The multi-course tasting menu at the Rooftop at Emerson Spice presents a daily changing selection of dishes made from locally caught fish (the hotel apparently has its own boat), and chicken, veggies and eggs sourced from a local farm. Two absolute stunners at our dinner were a dish of Zanzibar Sweet & Sour Chicken, served with a aubergine salad and beetroot rice that had just the right sweet metallic note that comes with well-cooked beetroot, and a dessert that I could easily have eaten three platefuls of. The dessert was a trio of sweetly spiced creations - an icy cool saffron givre (sorbet), served with a spiced fruit salad and nutmeg-scented tende (date biscuit). It was heaven on a plate!

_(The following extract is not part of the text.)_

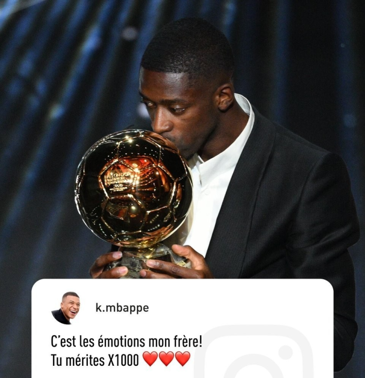 “我也要感谢我的家人,我的母亲。他们一直在我身边,在困难时期支持着我。”登贝莱在感言中动情地说。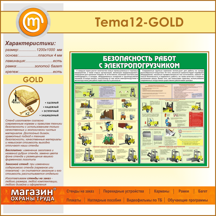 Стенд «Безопасность работ с электропогрузчиком» (TM-12-GOLD) в Магнитогорске купить

The Tea House at Emerson on Hurumzi is something else altogether. The billowing silk-roofed restaurant is inspired by Zanzibar's Middle Eastern heritage and serves a Persian-inspired menu. The restaurant is set up almost like a majlis, with floor level cushioned seats and low wooden tables set out in-front of diners (although a few regular tables are available for those who don't find low seating comfortable for an entire meal.)
The meal is conceptualised around a Zanzibari wedding banquet or "soro" - served by friends of the bride and groom to the happy couple on their wedding night, usually accompanied by singing and crowds wearing colourful kangas (traditional African garments woven through with special proverbs. At a wedding these proverbs usually dispense advice on living a happily married life or messages of love).
While there was no singing at our dinner (which was another delicious and laid back multi-course affair), there was an atmospheric soundtrack provided by the adhan going off at sunset in all of Stone Town's many mosques, church bells during the evening Angelus, followed by the rhythmic chanting of Hindu prayers at the city's local temple - a fine example of Stone Town's lively cultural mix.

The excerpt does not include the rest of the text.